● Data excerpts:

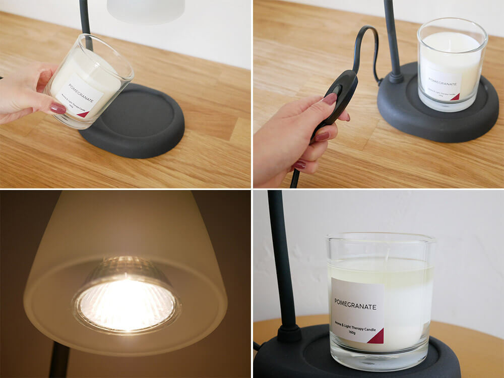 使い方は、コンセントにつなぎ、キャンドルをセットしてスイッチを入れるだけ!
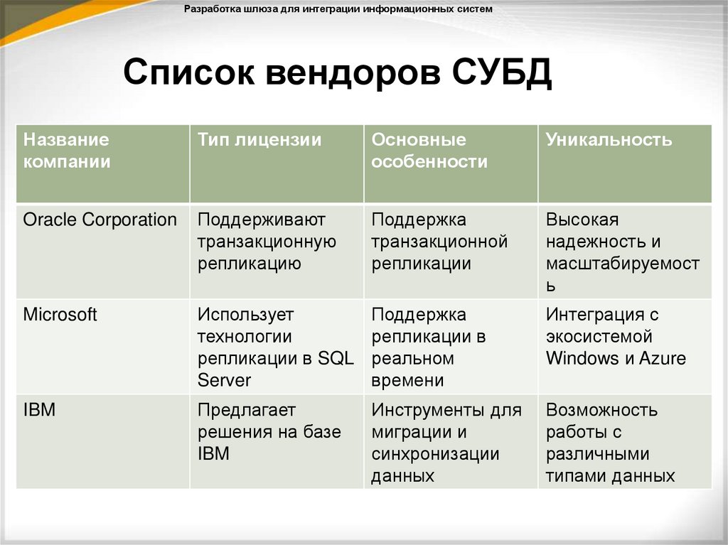 Разработка шлюза для интеграции информационных системСписок вендоров СУБД
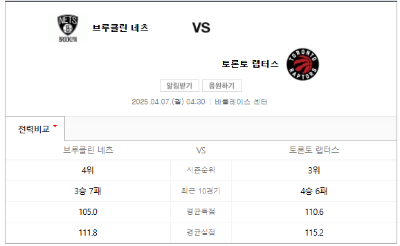 안녕하세요, 농구 팬 여러분! 오늘은 2025년 4월 7일에 열릴 브루클린 네츠와 토론토 랩터스의 경기에 대해 리뷰해보겠습니다. 이 경기는 NBA 시즌의 중요한 순간을 맞이하는 만큼, 많은 팬들의 관심을 받고 있습니다. 그럼, 경기 일정부터 살펴보겠습니다.
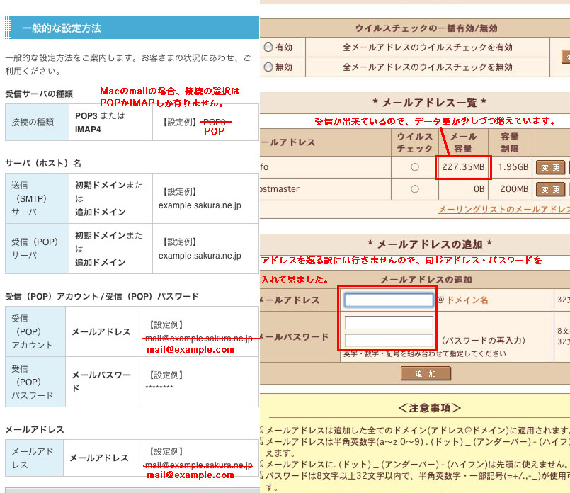 先日、さくらインターネットさんにはいろいろアドバイス頂きましたが、解決出来ずギブアップの連絡が来てしまいました。何度も確かめましたが設定文字に間違いは無い様です。サーバ-の容量制限枠にも達しておりません。
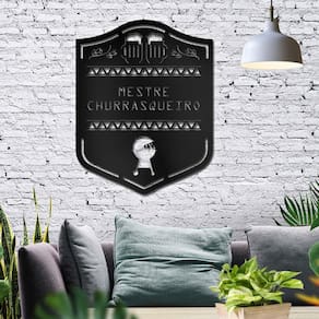 Especificações Técnicas: Medidas: comprimento: 30 cm altura: 3mm largura: 40 cm Material: mdf 3mm Cor: preto Tema: churrasco Formas de instalação: basta utilizar fitas dupla face Quantidade: 1 unidade

● Required work: Where a line contains "Разработка шлюза для", begin there and set down exactly each line through the end of the data above, omitting any pictures.

● Result of this task:
 Разработка шлюза для интеграции информационных системСписок вендоров СУБД
 안녕하세요, 농구 팬 여러분! 오늘은 2025년 4월 7일에 열릴 브루클린 네츠와 토론토 랩터스의 경기에 대해 리뷰해보겠습니다. 이 경기는 NBA 시즌의 중요한 순간을 맞이하는 만큼, 많은 팬들의 관심을 받고 있습니다. 그럼, 경기 일정부터 살펴보겠습니다.
 先日、さくらインターネットさんにはいろいろアドバイス頂きましたが、解決出来ずギブアップの連絡が来てしまいました。何度も確かめましたが設定文字に間違いは無い様です。サーバ-の容量制限枠にも達しておりません。
 Especificações Técnicas: Medidas: comprimento: 30 cm altura: 3mm largura: 40 cm Material: mdf 3mm Cor: preto Tema: churrasco Formas de instalação: basta utilizar fitas dupla face Quantidade: 1 unidade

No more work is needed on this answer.